Figure 6: Side-by-side comparison of outputs from Run 14 (25 images, 400 epochs, highest metric scores) and Run 3 (400 images, 25 epochs, lower metric scores). Despite dominating on every automated metric, Run 14 exhibits visible artifacting (edge ringing / oversharpening, anatomical inconsistencies, feature repetition, loss of fine detail). Run 3 produces outputs that demonstrate learned understanding of the character's features, proportions, and stylistic variation.

This is the critical disconnect: In our evaluation, Run 14 wins on metrics but loses on visual quality. The model has learned to produce outputs that are numerically similar to the reference set (high CLIP cosine similarity, low LPIPS distance) without faithfully reproducing what a human would recognize as a high-quality rendition of the character.

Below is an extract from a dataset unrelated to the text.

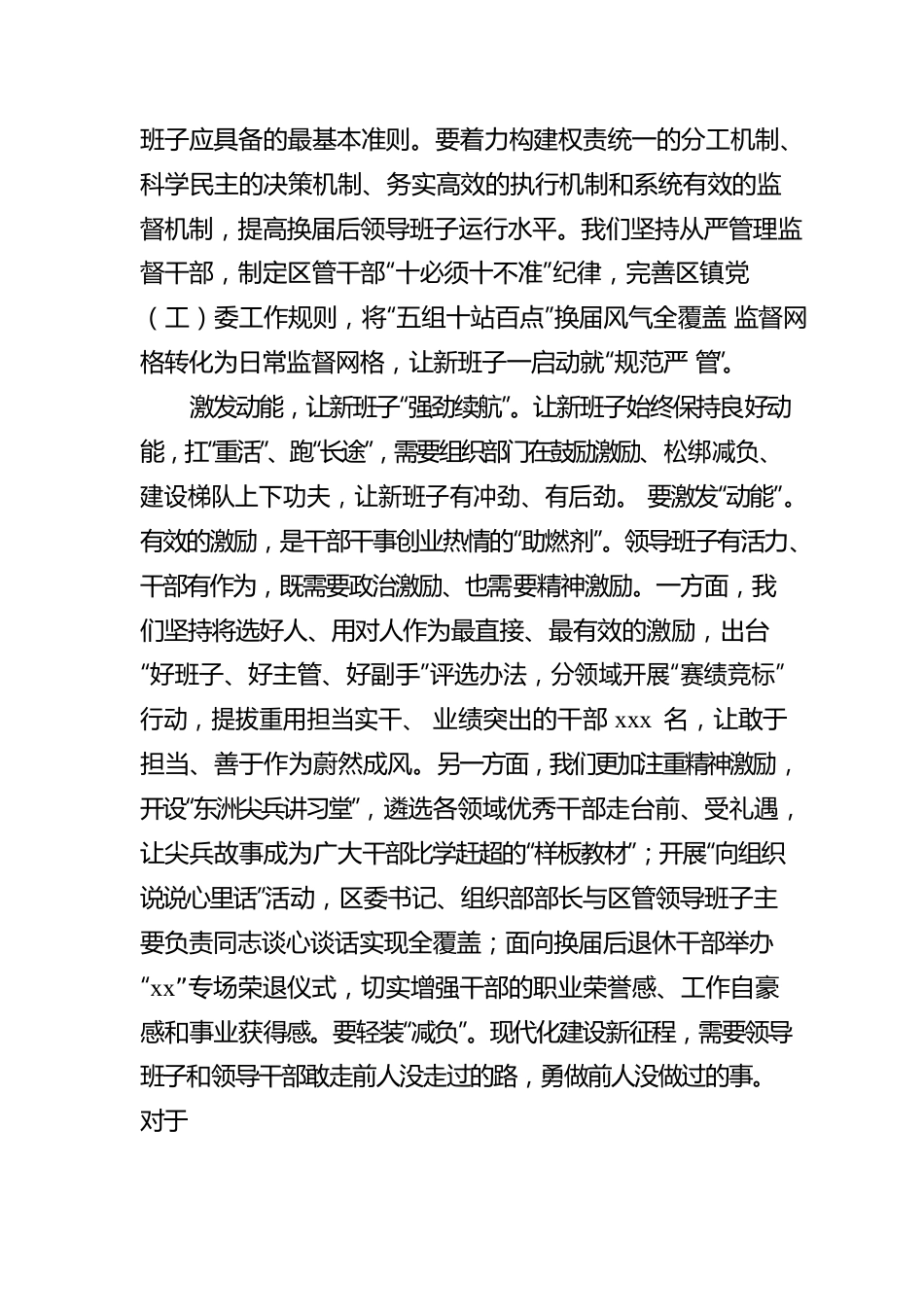 今年是地方领导班子集中换届后全新启航之年。xx市xx区早在镇党委换届前,就同步谋划加强换届后领导班子建设,于镇党委换届结束后第一时间部署开展以“树示范标准、争创‘五好班子’,树示范标杆、争当‘五强主官’,树示范标兵、争做‘五优副手’”为主要内容的“三树三争”活动,全面激发干部活力、增强班子整体功能。铸魂赋能,让新班子“扎稳根基”。换届后的新班子要适应高质量发展和现代化建设需要,既要政治过硬,也要本领高强。要把准政治方向。政治建设是党的根本建设,是领导班子能力建设的灵魂。要把习近平新时代中国特色社会主义思想作为领导班子建设头等大事,切实增强“四个意识”、坚定“四个自信”、做到“两个维护”、捍卫“两个确立”。我们依托中央党校、焦裕禄干部学院等院校,举办x期“旗帜鲜明讲政治·强心铸魂炼忠诚”专题轮训班,开设“东洲思享”专栏,开展“领导干部学思践悟月月谈”活动,教育引导领导干部在真学真信中坚定理想信念,在学思践悟中牢记初心使命。要提升专业能力。社会主义现代化建设,对领导干部的专业能力提出了更高要求。要坚持干什么学什么、缺什么补什么,大力加强专业化能力培训,帮助新班子打造又博又专、推陈出新的素养结构。换届后,我们及时启动实施“蓄力东洲”能力提升计划,分为“培根铸魂、赋能提质、固本强基、促行致用”x个系列,先后举办xx期培训班,培训干部xxxx余人次。要强化实践锻炼,注重在乡村振兴、项目建设等一线历练干部,在复杂局面、突发事件中考验干部,在打硬仗、扛重活、攻难关中练出真功夫。我们启动实施“六线蓄能·百干增智”实践锻炼工程,集中选派xxx名换届后新任科级干部和优秀年轻干部,分赴国家部委、中心工作等x个方向、xx个专线挂职锻炼,推动xx名干部在部门、镇街♘区、国企之间交流任职,着力培养专业素养、实践能力“双过硬”的复合型干部。调强功能,让新班子“高效运转”。换届后的新班子好比一辆新车,需要一个磨合的过程,在这一过程中,组织部门要跟踪管理、调强功能,帮助磨合、顺利开局。要定目标、明路径。我们推行任期目标公开承诺制,xx个镇党委新班子均向区委递交履职承诺书,并公开向群众承诺,强化目标意识,凝聚发展合力。要补短板、强功能。对领导干部个体,要开展适岗评价,用考察结果印证选拔初衷,对一时打不开局面的干部,延长试用期;对长期没有改进提高的,个别调整。对领导班子整体,要进行换届“后评估”,客观全面分析换届后新班子运行情况,及时发现问题,精准整改提高。我们建设了“干部云”大数据分析研判系统,多维度甄别验证,准确研判新班子和领导干部的优势不足、调优方向等,为精准识别干部、增强班子整体功能提供真实全面的基本信息和科学依据。要立规矩、治未病。依制而行,是高效规范领导班子应具备的最基本准则。要着力构建权责统一的分工机制、科学民主的决策机制、务实高效的执行机制和系统有效的监督机制,提高换届后领导班子运行水平。我们坚持从严管理监督干部,制定区管干部“十必须十不准”纪律,完善区镇党(工)委工作规则,将“五组十站百点”换届风气全覆盖监督网格转化为日常监督网格,让新班子一启动就“规范严管”。激发动能,让新班子“强劲续航”。让新班子始终保持良好动能,扛“重活”、跑“长途”,需要组织部门在鼓励激励、松绑减负、建设梯队上下功夫,让新班子有冲劲、有后劲。要激发“动能”。有效的激励,是干部干事创业热情的“助燃剂”。领导班子有活力、干部有作为,既需要政治激励、也需要精神激励。一方面,我们坚持将选好人、用对人作为最直接、最有效的激励,出台“好班子、好主管、好副手”评选办法,分领域开展“赛绩竞标”行动,提拔重用担当实干、业绩突出的干部xxx名,让敢于担当、善于作为蔚然成风。另一方面,我们更加注重精神激励,开设“东洲尖兵讲习堂”,遴选各领域优秀干部走台前、受礼遇,让尖兵故事成为广大干部比学赶超的“样板教材”;开展“向组织说说心里话”活动,区委书记、组织部部长与区管领导班子主要负责同志谈心谈话实现全覆盖;面向换届后退休干部举办“xx”专场荣退仪式,切实增强干部的职...

This finding has two implications:

CLIP identity and LPIPS are necessary but not sufficient for evaluating LoRA quality. A model that scores well on these metrics may still produce visually unsatisfying outputs, especially when epoch counts are extreme.
The "small datasets are better" heuristic is self-reinforcing. Practitioners who evaluate LoRAs by metric alone will consistently prefer overtrained models. Only visual inspection, or more sophisticated evaluation methods, breaks the cycle.

5. Discussion

5.1 Why Smaller Datasets Look "Better" on Paper

Practitioners often report that smaller, highly-curated datasets produce "better" LoRAs. Our data shows this is an artifact of overtraining that flatters automated metrics:

A 25-image dataset at batch size 1 trains for 400 epochs vs. 25 epochs for the 400-image dataset
The model sees each training image 16× more often
CLIP identity rises (~0.87–0.89) because the model's outputs converge toward the training distribution
Yet LPIPS identity, the perceptual distance metric, shows almost no meaningful relationship with epoch count (R² = 0.011; adjusted R² < 0), indicating that the perceptual quality gains do not keep pace with CLIP-level gains
Visual inspection (Section 4.6) further reveals that the highest-scoring run exhibits artifacts that identity metrics fail to capture

The asymmetry between CLIP and LPIPS responses to epoch count is the key signal. CLIP identity rises strongly with epochs (R² = 0.689) while LPIPS identity is essentially flat. This means overtraining inflates semantic similarity scores without proportional perceptual improvement; a form of shallow memorization that standard evaluation pipelines reward rather than penalize.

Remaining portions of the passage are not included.